Debate on public issues should be uninhibited, robust, and wide open, and that . . . may well include vehement, caustic, and sometimes unpleasantly sharp attacks on government and public officials.—William Joseph Brennan Jr (American Judge)

References
ACBF Operations Research (2007) Institutional Frameworks for Addressing Public Sector Corruption in Africa: Mandate, Performance, Challenges and Capacity Needs. Harare: The African Capacity Building Foundation.

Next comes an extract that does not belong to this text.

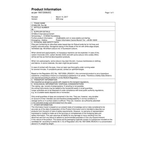 - Altre caratteristiche: ad alta intensità di colore - per linee forti e superfici opache. Elevata brillantezza e luminosità. Può essere conservato aperto fino a 24 ore. Il robusto puntale assicura un trasferimento uniforme dell'inchiostro. Tappo ventilato - può essere fissato all'estremità del perno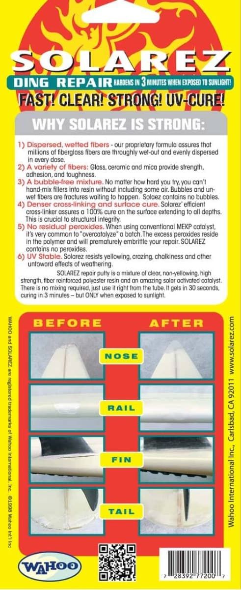 La masilla reparadora SOLAREZ es una mezcla de resina de poliéster transparente, resistente al amarilleamiento, de alta resistencia y reforzada con fibra, y un increíble catalizador activado por la luz solar. No es necesario mezclarla, solo hay que utilizarla directamente del tubo. Se gelifica en 30 segundos y se cura en 3 minutos, pero SOLO cuando se expone a la luz solar. La fórmula patentada garantiza que millones de fibras de vidrio se humedezcan completamente y se dispersen de manera uniforme en cada dosis.

Chimombo, Steve (1999) “Artists, Truth, and Reconciliation” Moira Chimombo (ed) Lessons in Hope: Education for Democracy in Malawi, Past, Present, Future. National Initiative for Civic Education (NICE) Series No 1. Zomba: Chancellor College Publications.

Macjessie-Mbewe, Samson LW (1999). “Power versus Authority in the Democratic Malawian Classroom” Moira Chimombo (ed) Lessons in Hope: Education for Democracy in Malawi, Past, Present, Future. National Initiative for Civic Education (NICE) Series No 1. Zomba: Chancellor College Publications.

Shepperson, George and Price, Thomas (1958 and 2000) Independent African: John Chilembwe and the Nyasaland Rising of 1915. Zomba: Kachere Monograph No 13/CLAIM.